** Opening DATA SECTION block **
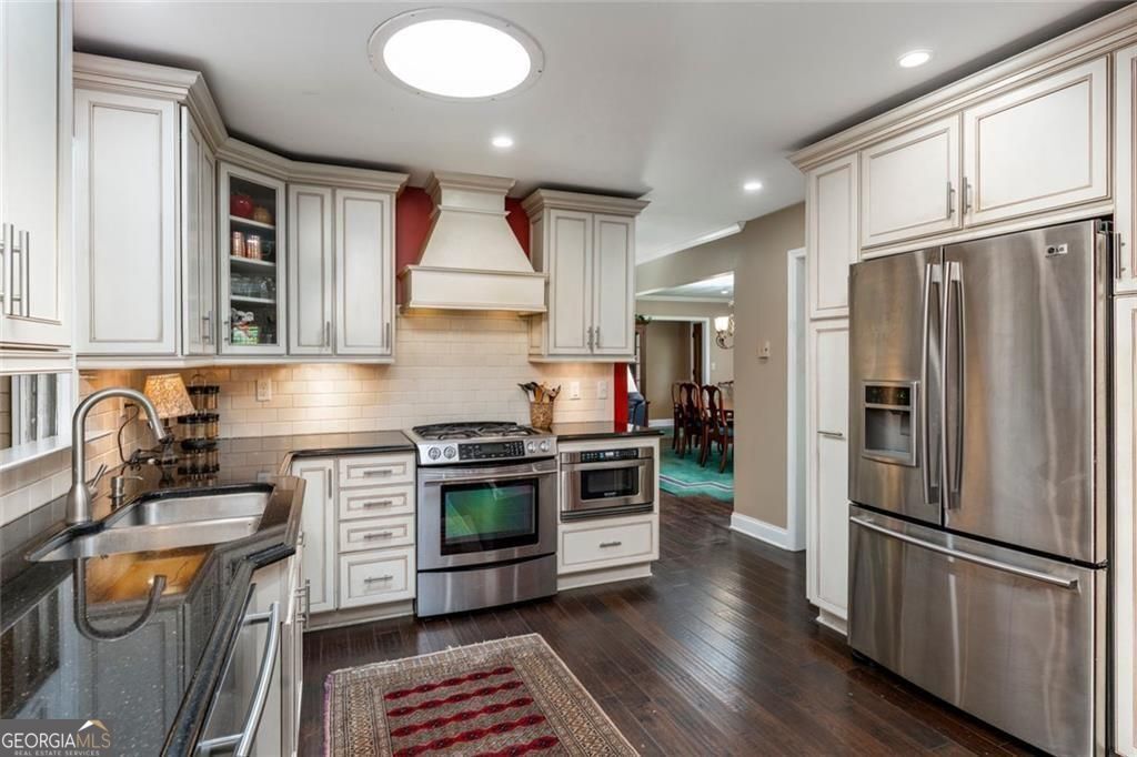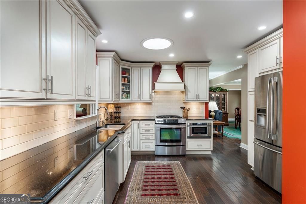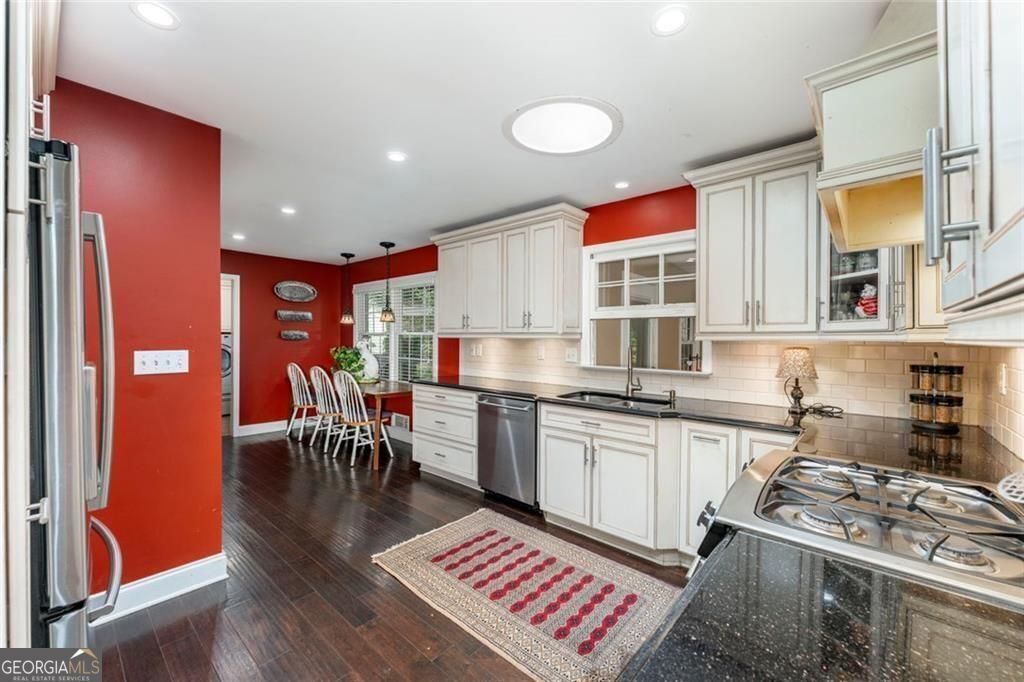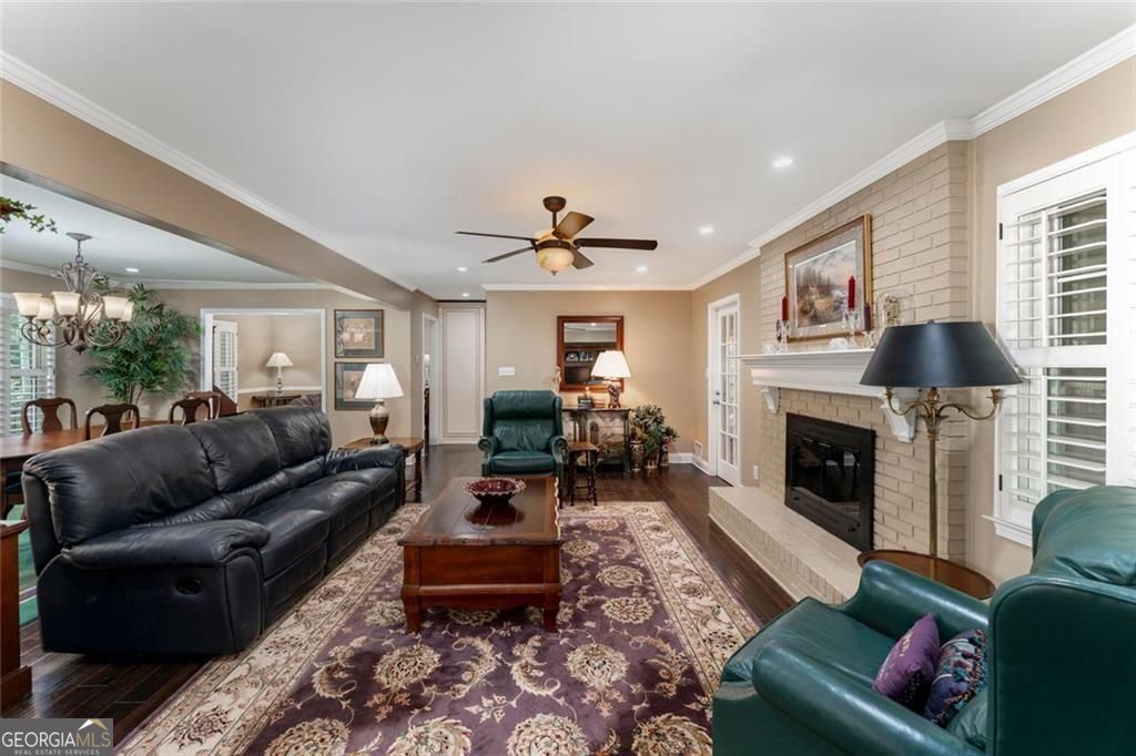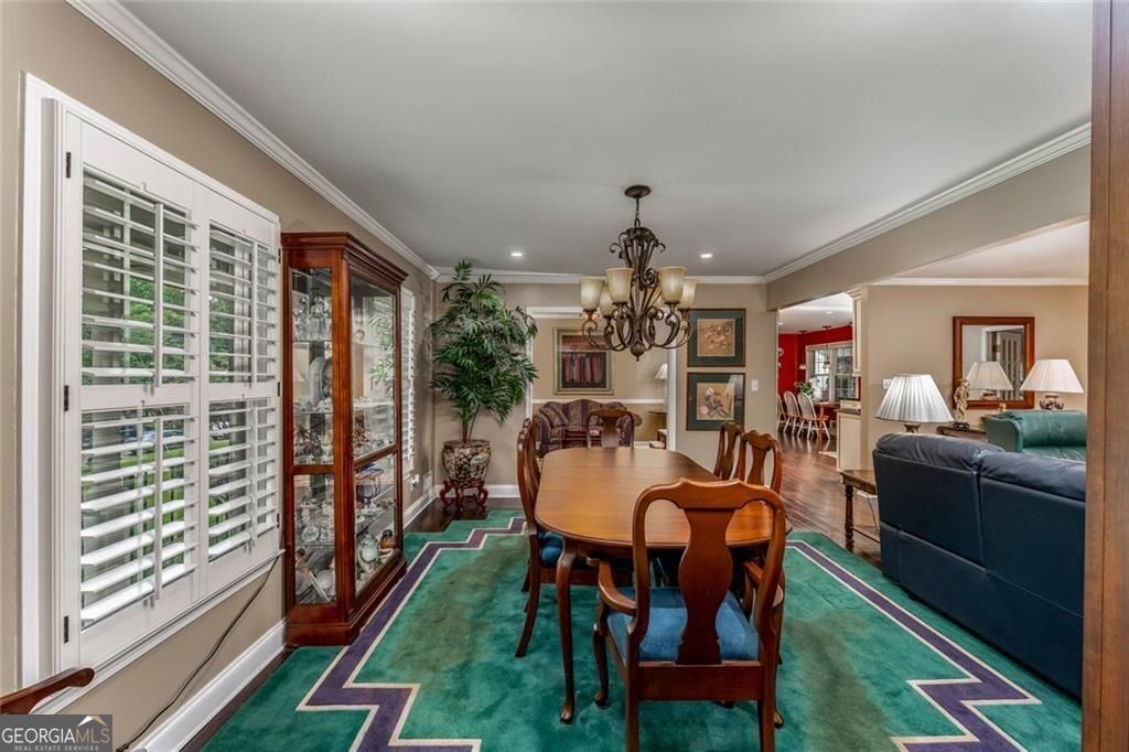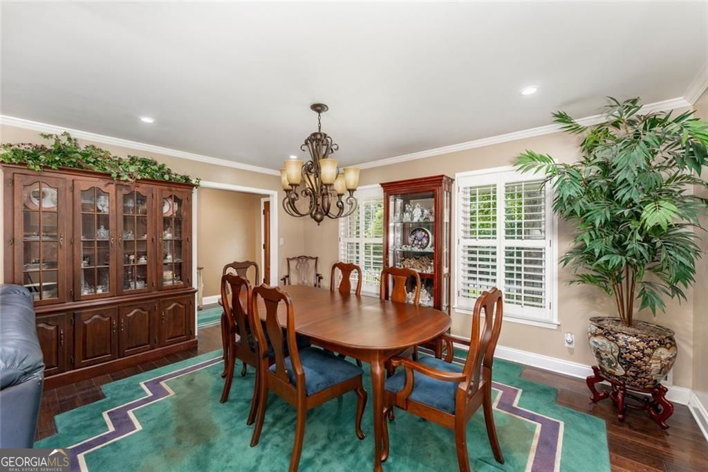 Set on a beautifully landscaped lot in the welcoming cul-de-sac enclave of Peachtree North, this delightful home blends comfort, style, and functionality. A charming front porch invites you into a flowing open floor plan accented by gleaming hardwood floors, plantation shutters, and classic wood blinds. The dining room opens to a bright living room and inviting family room, anchored by a handsome brick fireplace. A cheerful sunroom and a spacious covered patio create wonderful spots to relax or entertain, all while overlooking a gorgeous, private, and fenced backyard framed by mature trees and lush plantings, this serene retreat is ideal for entertaining and family life. A versatile storage shed adds charm and convenience. The updated gourmet kitchen is both stylish and practical, showcasing freshly painted cabinetry, gleaming granite countertops, subway tile backsplash, stainless steel appliances including a gas range, and custom pull-out pantry shelves. A sunny breakfast room and oversized laundry room with backyard access add everyday convenience. Upstairs, the serene primary suite offers a comfortable retreat with an attached bath featuring a double vanity, while two additional bedrooms share a nicely updated hall bath. The lower level is a standout, offering a fully equipped in-law suite with its own private entrance. Complete with a second kitchen, generous living room, spacious bedroom with huge walk-in closet, and private full bath, it provides a perfect setting for extended family, guests, or multi-generational living. Ideally located in the desirable Dunwoody school district, this home offers the best of convenience and community. Walk to the JCC and nearby places of worship, and enjoy close proximity to shopping, dining, and major interstates-all with easy access to the very best of Atlanta.
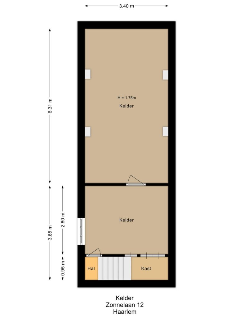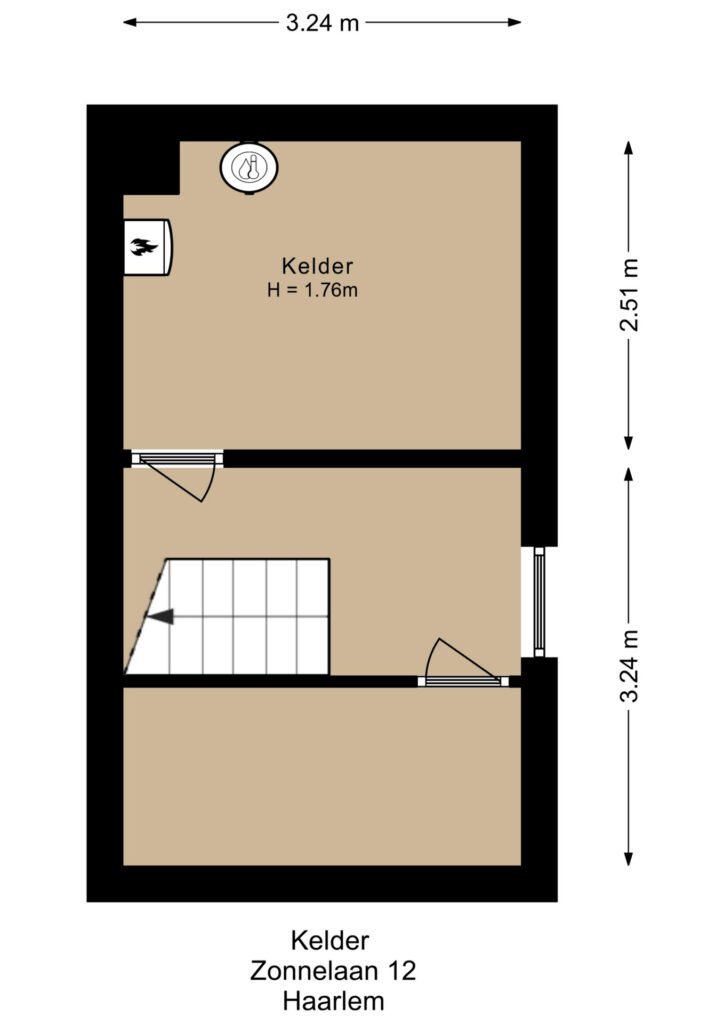Woonkeuken, bijkeuken en vanuit de gang toegang tot de kelder die verdeeld is in twee ruimtes, waarvan één met opstelling cv.
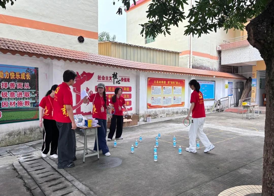 趣味活动如火如荼开展,欢声笑语洋溢校园。党知识快问快答,让孩子们在抢答中厚植爱国情怀;套圈圈、吹乒乓球充满竞技乐趣,展现拼搏精神;夹气球游戏里,两两协作的孩子们默契配合,深刻体会团结合作的意义 。
** Closing DATA SECTION block **
YOUR INSTRUCTIONS: Word for word, reproduce each line from the one with "Woonkeuken, bijkeuken en" through the last line of the material above, both included, and drop the pictures.

RESULT OF THIS EXERCISE:
Woonkeuken, bijkeuken en vanuit de gang toegang tot de kelder die verdeeld is in twee ruimtes, waarvan één met opstelling cv.
 趣味活动如火如荼开展,欢声笑语洋溢校园。党知识快问快答,让孩子们在抢答中厚植爱国情怀;套圈圈、吹乒乓球充满竞技乐趣,展现拼搏精神;夹气球游戏里,两两协作的孩子们默契配合,深刻体会团结合作的意义 。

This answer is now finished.